Show that $X^4+TX^2+T$ is irreducible in $ F_{2}(T) $
Using Eisenstein with T as a prime element this proof is simple. Can I proof that T is prime any easier than in the folowing:
Theorem 1: K is PID then
p is irreducible $\Leftrightarrow$ p is prime element $\Leftrightarrow$ (p) is maximal ideal
Since $ K=F_{2}(T) $ is a field $ K[X] $ is a principal ideal domain (PID).
Assume (T) is not an maximal ideal. Obviously (T) contains all polynomials P with $deg_{T}(P) \geq 1$. So in order to find (m) $\supsetneq$ (T) with $(m) \neq K[X]$ we have to add an element with $deg_{T}(P) = 0$ to (T). Let $a \neq 0 \in F_{2}$ be this element. Because a is a unit we have $ 1 \in (T)$ Thats a contradiction to $(m) \neq K[X]$.

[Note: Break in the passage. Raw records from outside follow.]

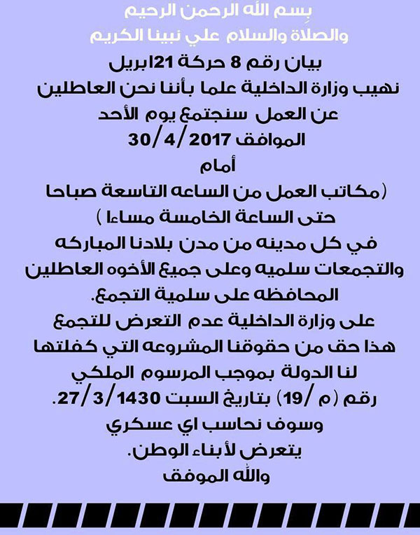 وفي ذلك، أصدرت "حركة 21 أبريل" بيان رقم 8 قالت فيه: نهيب وزارة الداخلية علما بأننا نحن العاطلين عن العمل سنجتمع يوم الأحد الموافق 30 أبريل أمام مكتب العمل من الساعة التاسعة صباحا حتى الساعة الخامسة مساءا في كل مدينة من مدن بلادنا المباركة والتجمعات سلمية".
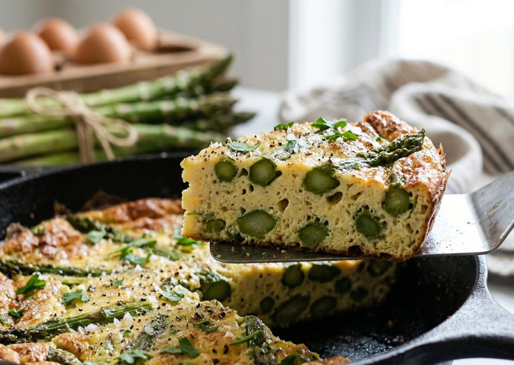 Hoe je een hoge en zachte aspergefrittata in de pan maakt zonder fouten
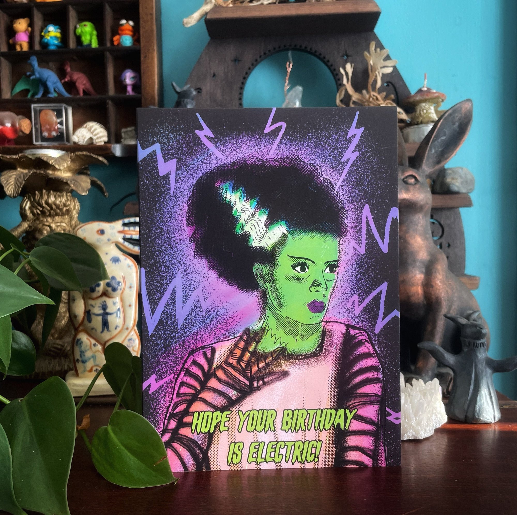 Bride of Frankenstein inspired birthday card for classic horror-loving fans, monstrous mates and electric or even eclectic beings!
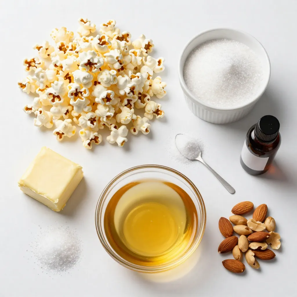 Each ingredient plays a role. The popcorn forms the base. Sugar, butter, and corn syrup create the caramel. Vanilla, baking soda, and salt enhance the taste. Roasted nuts add texture.
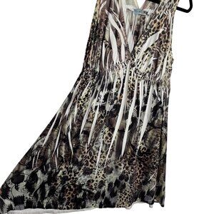 Keywords: animal print dress, empire waist tunic, sleeveless dress, Unity World Wear, women's dress, small tunic dress, polyester dress, leopard print style, black and brown dress, lightweight tunic, casual wear dress, A-line sleeveless, patterned tunic, unity world wear dress, unity world wear mini dress
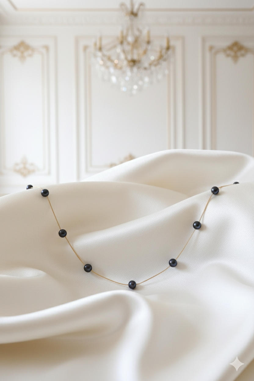 Cada pérola negra, com seu brilho profundo e misterioso, adiciona intensidade na medida exata, criando um equilíbrio raro entre leveza e presença. É o tipo de peça que transforma qualquer look: do minimalista ao mais elaborado.
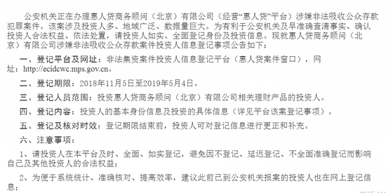 近日,公安部非法集资案件投资人信息登记平台更新了22家立案平台信息,其中,惠人贷商务顾问(北京)有限公司(经营“惠人贷”平台)涉嫌非法吸收公众存款案被警方立案。
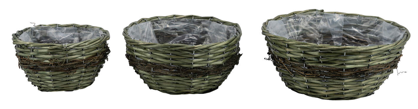 Korbset 3tlg., gruen, rund innen Folie, 30x30x13cm 12601481
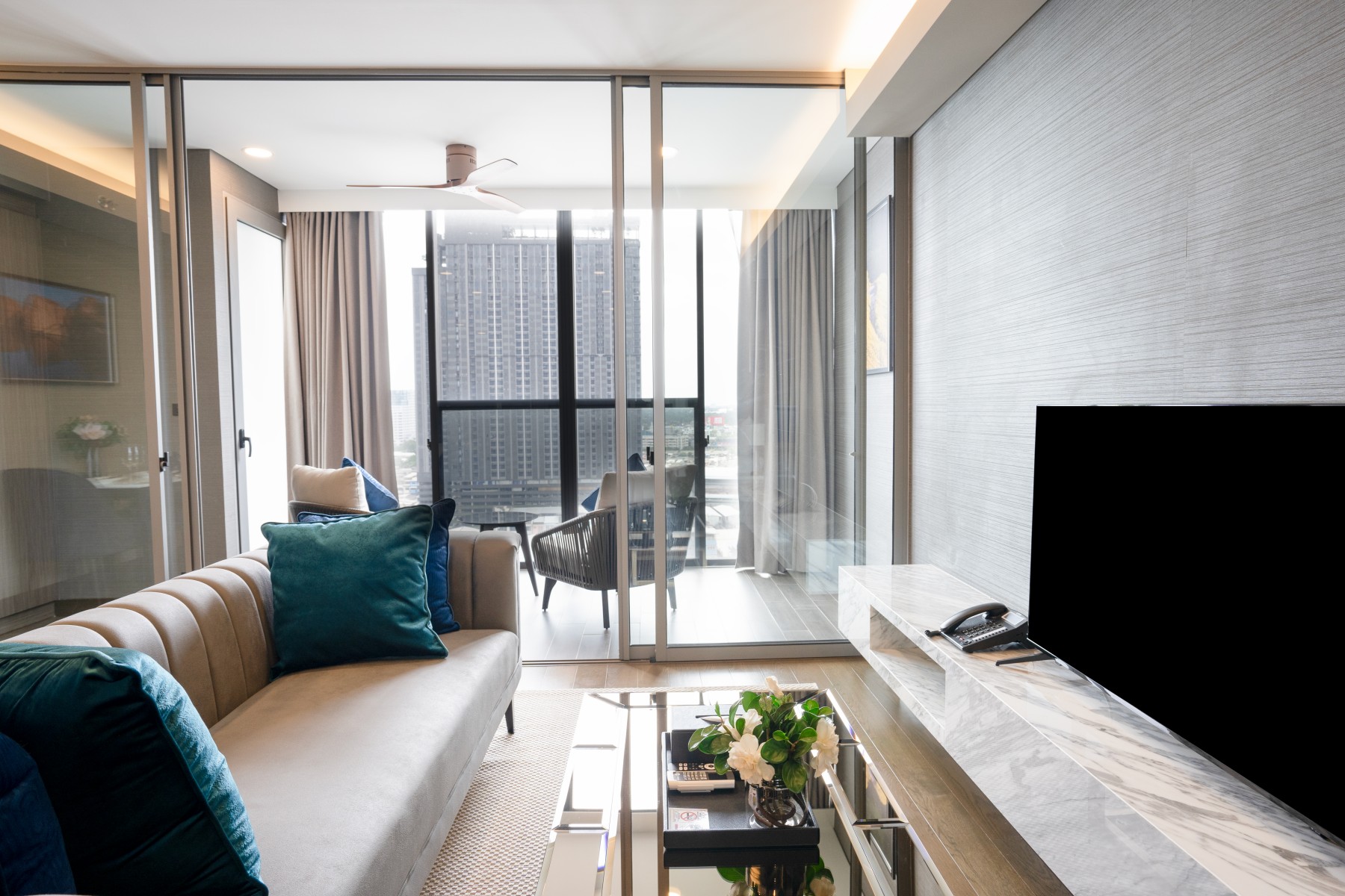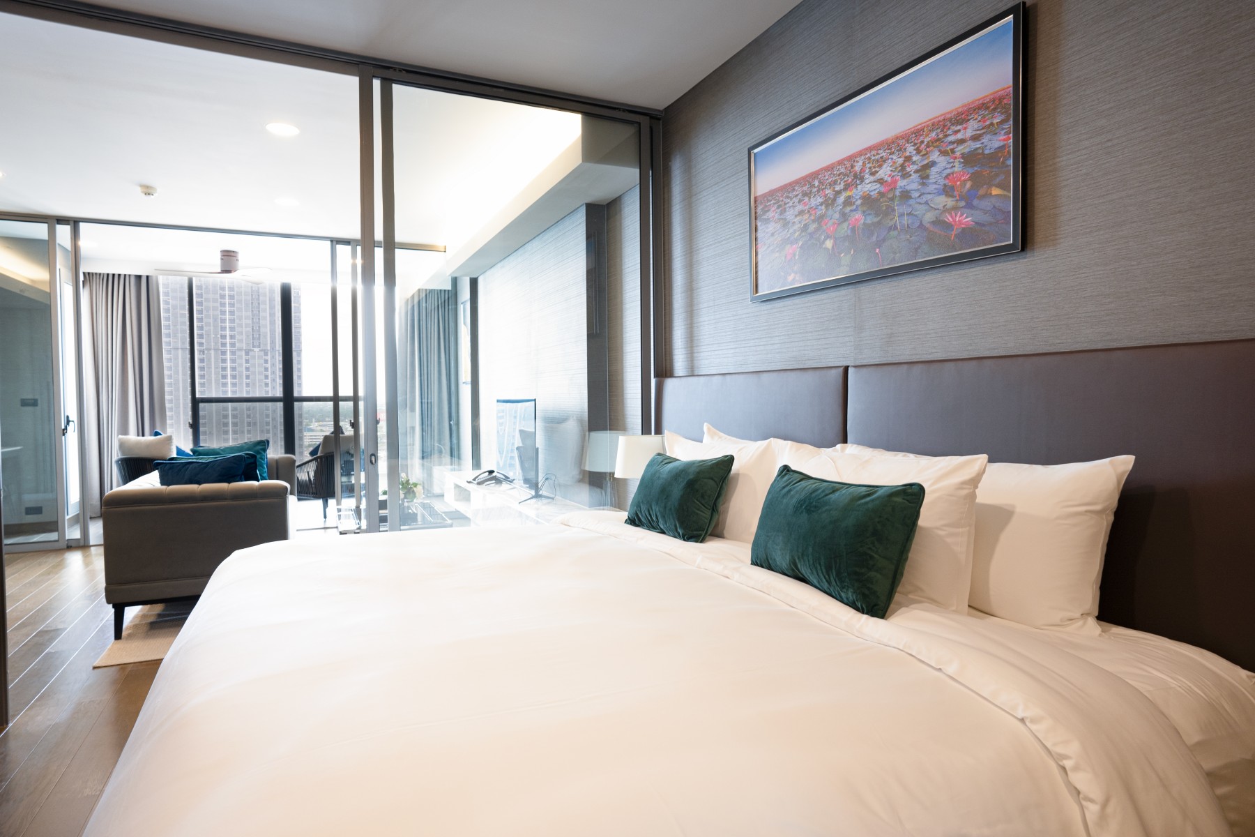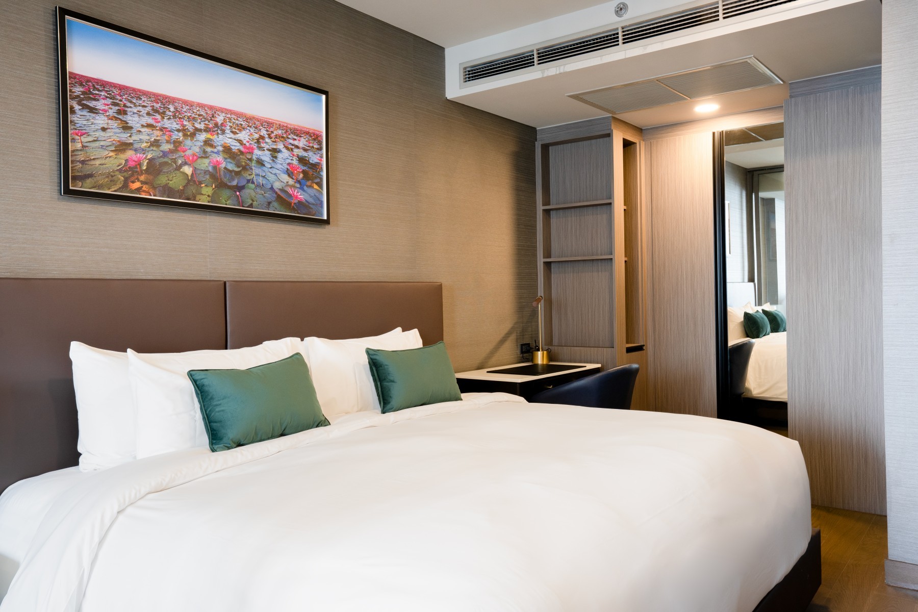 With contemporary Thai design and signature touches like plush WynRest® bedding and complimentary bath products, our non-smoking Deluxe King room with one king bed creates the setting for a memorable stay. The comfortable, 58-square-metre space has a living area separate to the bedroom and features an ergonomic workspace. The city views are spectacular, and soundproofed windows ensure that your stay here is a tranquil one. The bathroom has a rain shower, bidet, robes, and hair dryer. Enjoy the convenience of an in-room washer and fully equipped kitchenette, including a refrigerator, coffee/tea maker, microwave, stove, and dining table, and stay connected with free high-speed Wi-Fi and a 55-inch smart LCD TV. Additional amenities are a minibar, laptop-size safe, cellphone charger, ironing facilities, and bottled water. We support green initiatives with our in-room recycling program.

$\Rightarrow$ (T) is an maximal ideal and therefore (Theorem 1) T is prime.
I guess the full argument (which you probably imply) should be the following.
By Gauss' Lemma, it is enough to show that the polynomial $$ f = X^4+TX^2+T $$ is irreducible in $R[X]$, where $R = F_{2}[T]$.
Now you indeed use Eisenstein's Lemma, and show that $T$ is prime in $R$. For this, is it enough to note that a polynomial of degree $1$ over a field is always irreducible.